I thought they were so weird – and watching them again now as part of that show there’s still an excitement to the carnival brand of funk. Likewise, because of my age, when I first saw the horror episode (“Nasty”, incidentally the ep that I have watched the least, probably less than double figures) I would not have known anything about The Damned. The Young Ones introduced me to a lot of great music.
Alexei Sayle’s contributions to the show were a lure for me too; his inspired lunacy was always worth looking out for – each episode contains a vital cameo to wait for. And Sayle added some great musical craziness to a couple of episodes too. Obviously in the second show (“Oil”) he’s there singing, at the benefit for the workers, with the band Radical Posture.

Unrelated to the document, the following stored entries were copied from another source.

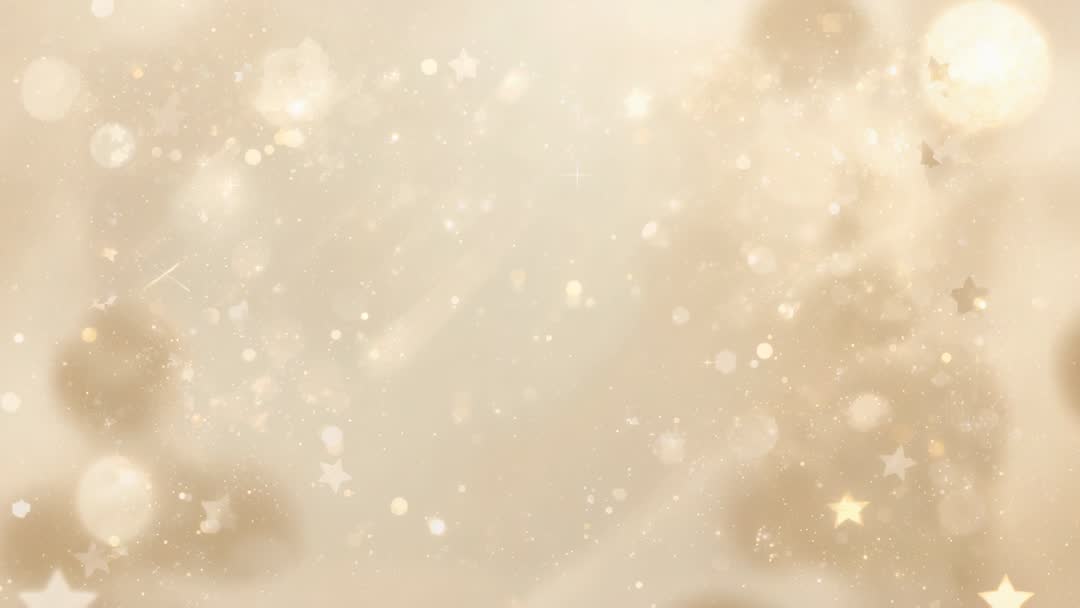 - Golden particle field animation featuring festive bokeh, star confetti and soft shimmer
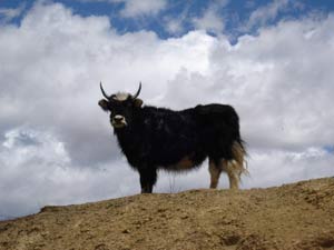牦牛藏语称“呀”,是地球上生活在海拔最高地区的哺乳动物,眼睛小,腹、肩、股、肋部都有长可及地的毛,即使睡卧冰天雪地也不觉寒冷,而其坚实的蹄质,则可攀走于高原雪地。牦牛虽然行动迟缓,但能负重、耐长途跋涉,尤其能适应高原爬坡与冰天雪地,是藏民最主要的运输工具,享有“高原之舟”的美誉。牦牛的粪晒干后可作燃料,肉可以食用,皮可以做鞋,毛织成氆氇后可制成藏袍、帐幕或毯子;牦牛奶可提炼成酥油,并制成酥油茶。
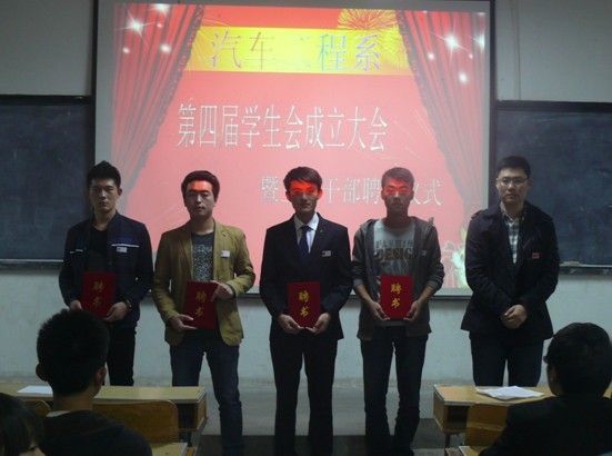 会议在激昂的歌声中拉开帷幕,首先由杜朋秀老师代表系里宣读第四届学生会名单;其次分别由王帅老师、隋振富老师、杜朋秀老师给主席团成员、各部部长、各协会会长颁发聘任证书;随后,学生会主席李尚伟、社团联合会副主席张宗山、学生会干事代表王学洋三位同学对于新学年的学生工作做出表态,承诺今后一定会以高昂的的热情投入工作,以优质的工作服务全系师生。
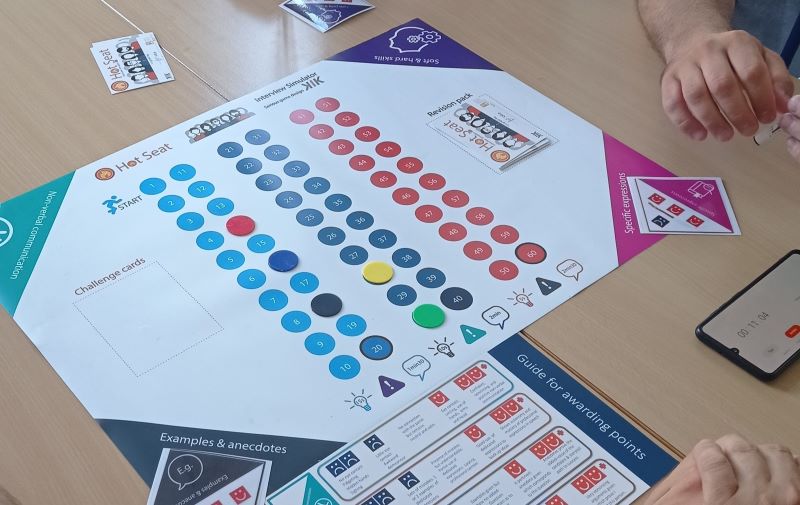 HOTSEAT comporte un éventail de cartes avec des questions générales et d'autres plus pointues. Ces questions sont complétées avec des conseils et des exemples de réponses possibles. Utilisé en parallèle par plusieurs groupes d'une même classe, le jeu apporte aussi une dimension compétitive à l'exercice. Les élèves se prennent facilement au jeu assumant tour à tour le rôle du recruteur et celui du candidat.
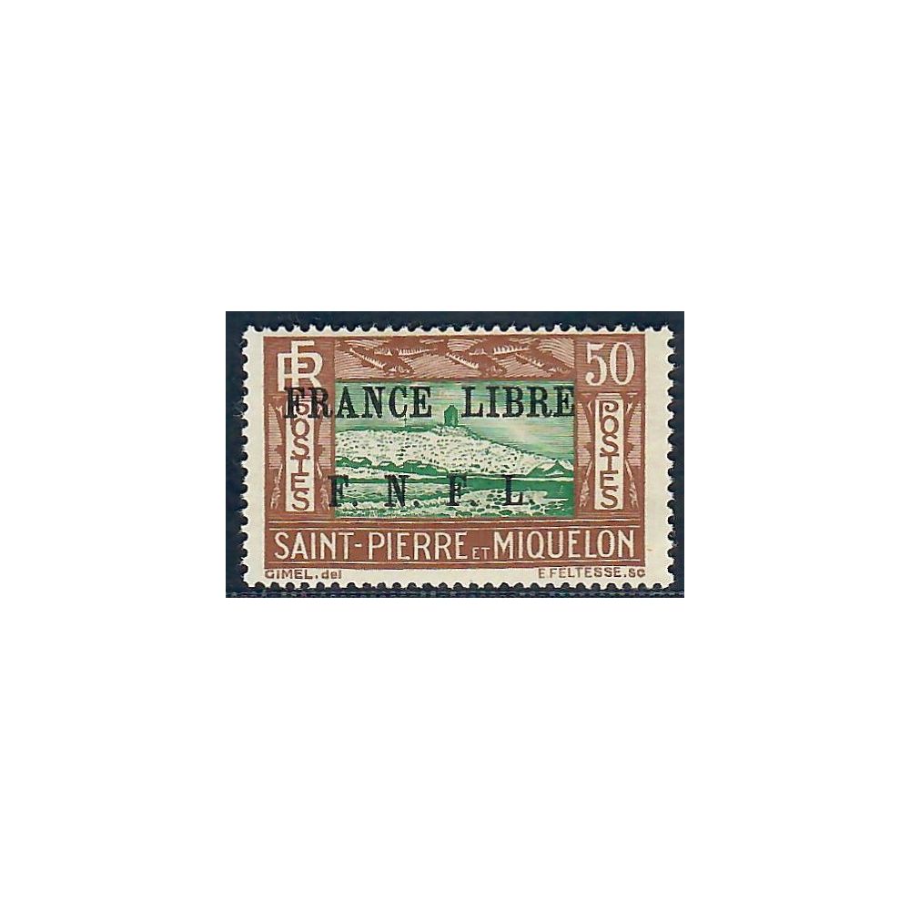 St Pierre et Miquelon, 50c. Brun et vert, signé Brun et Scheller, Neuf, TBDestinataire :

His new-wave/electro-pop send up (Dr. Martens Boots) is one of the musical highlights. But there’s also his cameo in the episode where Neil needs to get a job to bring some money in (“Cash”) and joins the police. Sayle is the Mussolini lookalike that hires Neil, then walks out one door and in through another to perform the ad-hoc song Relax, Make Stupid Noises. The chorus consists of Alexei coughing and spluttering out every stammer and tic that he can, after such brilliant couplets as “when your boss is giving you the sack, ‘cos you’ve lost all his invoices/don’t drink a bottle of sulphuric acid, relax, make stupid noises!” (A subversion of Eric Idle’s Always Look On The Bright Side Of Life, possibly?) In that same episode the band is a one-off grouping of celeb musicians and jingle writers – most prominently featuring Stewart Copeland (the drummer from The Police) and Jools Holland, they cover Dylan’s Subterranean Homesick Blues. It was, when I heard it on the show the first time, my introduction to that Dylan song.
So many great bits of dialogue though. Rik as The People’s Poet (“oh Cliff/sometimes it must be hard/not to feel as if/you really are a cliff/When fascists keep trying to push you over it/are they the lemmings?/Or are you cliff?/OR ARE YOU CLIFF?!”) Mike’s intentionally poorly-timed non-sequiturs (“a social conscience is like a garden shed, you try and eat it, it’ll stick in your throat”). And that great scene where Suggs from Madness gets to deliver an immortal line. In the third episode (“Boring”), the lads head to the pub and Madness plays the song House Of Fun. Rik goes up to the band and says “do you know Summer Holiday by Cliff and The Shadows?” Suggs gets to reply, “you hum it son…I’ll smash your face in”.
Apparently the show featured musical acts so that it could get extra funding by coming in under the variety show charter, rather than simply being a sitcom..
The Young Ones was something that bonded our family – we all watched it. Eventually we all watched it together. We now know it all – all the way through – without ever having to watch it again. That doesn’t stop us from catching a repeat, from occasionally slipping in one of the discs and watching an episode or two.
Alright, so it’s been years since I’ve watched an episode all the way through but push comes to show it’s my favourite TV show of all time.
Ah The Young Ones, great memories. I used to have to go over to my best friend's house to watch the episodes her legend dad had videoed. I remember the Sick episode so vividly haha. I really must watch them all again.
Thanks Simon - made me start to watch it all again!!!